Banking is a service sector. It is as important as health, police,judiciry and parliment. Let it not be, any more of casino or stock market 0ffice.
This service sector deals someone’s money We need HONEST peolpe. Not greedy talented people. No extra rewards. Just pay and regular bonus; the same ratio, anyone gets.
Let the talented people go to research, sports ,game,art and music

Posted by K.Srinivasan | Report as abusive
 

Every sane and intelligent person out there knows that a culture based on bonus’ and monetary incentives does very little to build an efficient and productive workforce but does wonders for creating greed and deceit.

This is lost on the British style of management because they are so behind the times in their style, expectations and attitudes.

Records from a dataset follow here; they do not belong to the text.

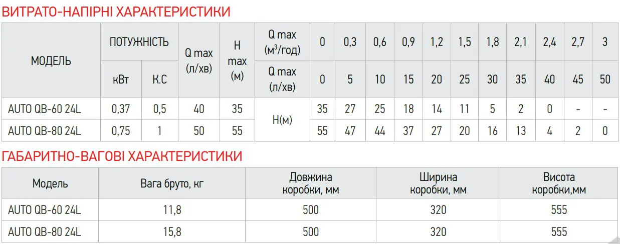 | Максимальний напір | 55 м |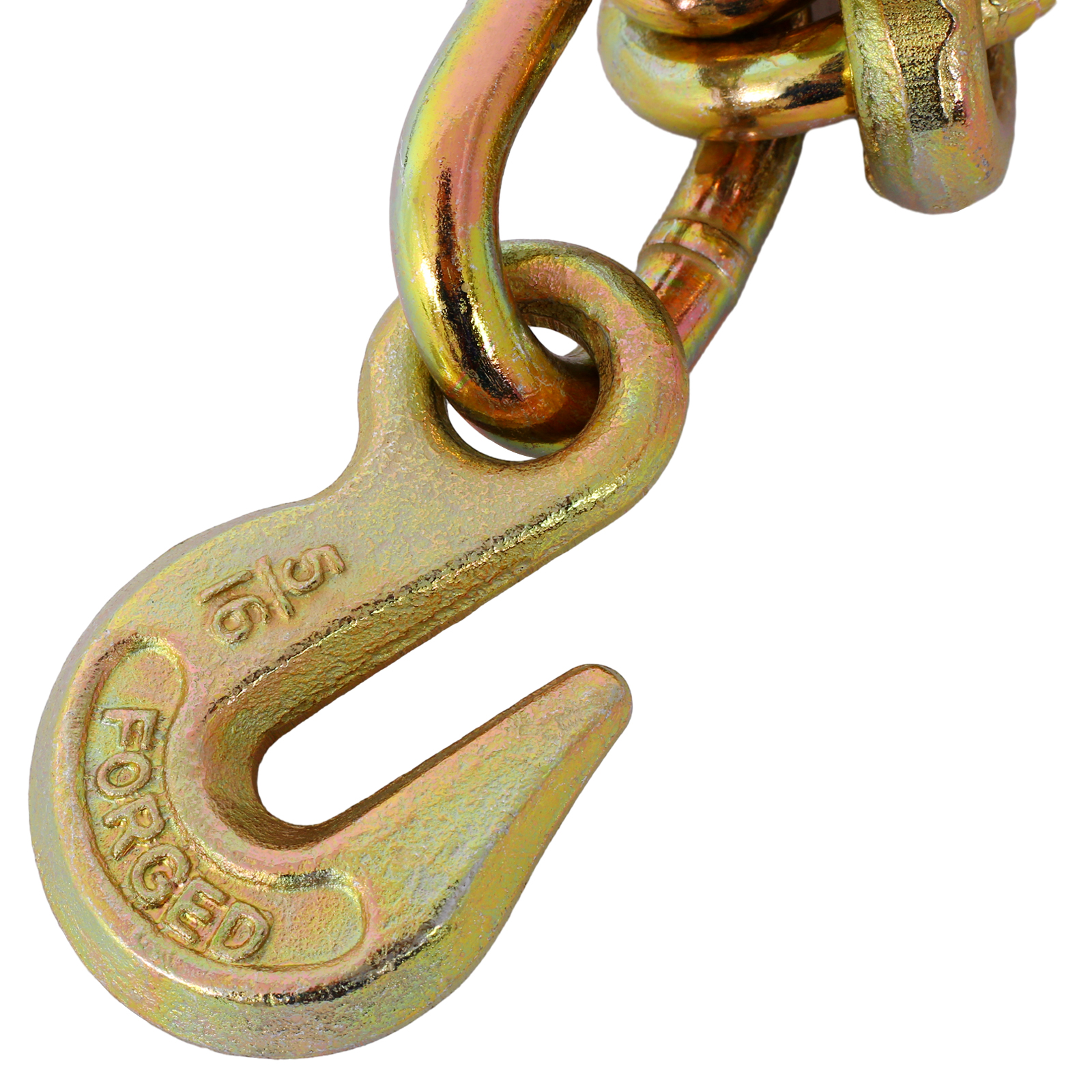 Adaptable Hook Configurations: Equipped with a 15" Long Shank towing J Hook, an RTJ Cluster Hook, and a Grab Hook, our chain offers versatile attachment options for various vehicle types and towing requirements, ensuring secure and reliable connections every time.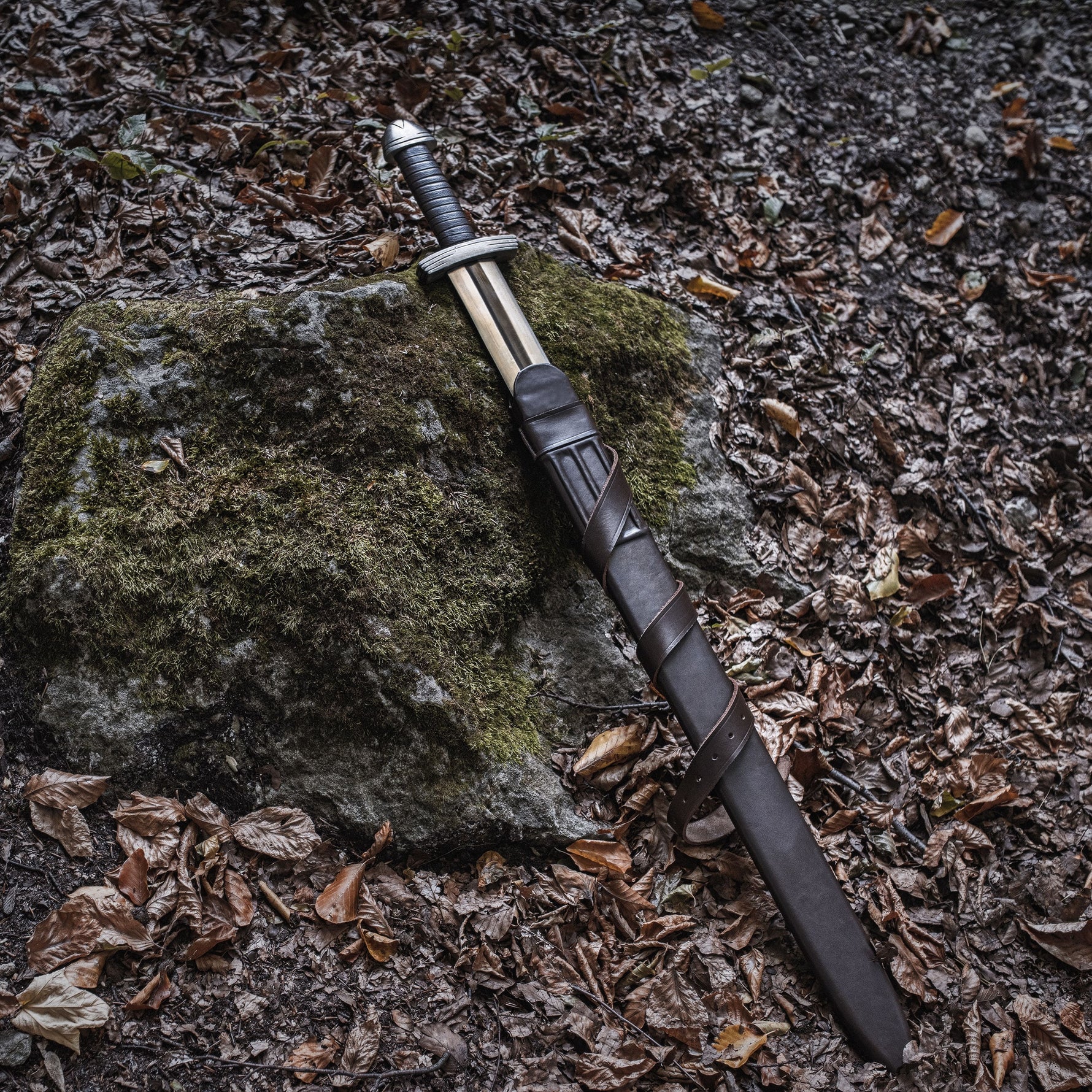 "Helbítr" Viking Sword with Leather Wrapped Wooden Scabbard and Leather Waist Belt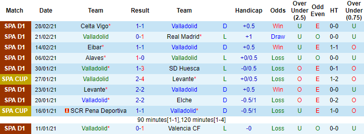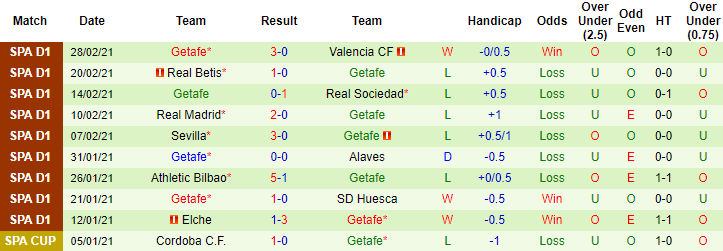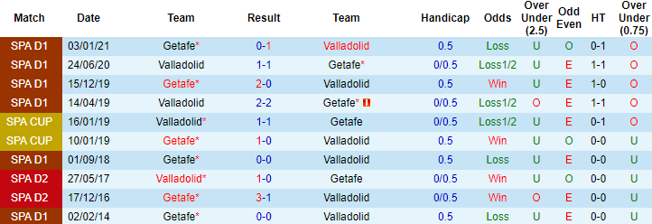 Trận đối đầu giai đoạn lượt đi La Liga 2020/21, Valladolid đánh bại Getafe với tỷ số 1-0 ngay trên sân khách. Giai đoạn gần đây Valladolid tạo được sự tin tưởng nơi người hâm mộ cùng chiến tích bất bại 3 trận liên tiếp theo kèo châu Á. Trong khi đó Getafe đã và đang gây thất vọng lớn ở các chuyến làm khách. 4 trận xa nhà gần đây trong khuôn khổ La Liga, Getafe toàn thua, thủng lưới 11 lần và chỉ ghi được 1 bàn danh dự.

Perhaps if management in this country were better trained and educated so they were able to mentor and train their staff, perhaps if people were paid a decent salary so they would not be so hung up on a bonus making up the shortfall, perhaps if Britain woke up and realised how far behind the rest of the world it really is there may be hope of a recovery.

Judging by what I have seen so far…a miracle is needed.

 

The Rich and Powerful have been running away with all the money and now that events have caught up with them they think that to say sorry will excuse them their actions. It costs nothing to say sorry, so the right answer is prison time and asset confiscation for the perpetrators.

Posted by Jimmer XXXX | Report as abusive
 

The bankers are all sitting pretty with their huge bonuses and salaries and enormous pension pots – what do they REALLY care about the rest of us. And what’s with the Sir XY&Z – the titles can go too. The “have yatchts” are OK! The bankers should have some (all) of the money they took confiscated back for their crimes then and only then would they really know how the rest of us feel. The Government – well I wish we could do more than simply throw them out of office at the next Election by way of punishment for their mis-deeds.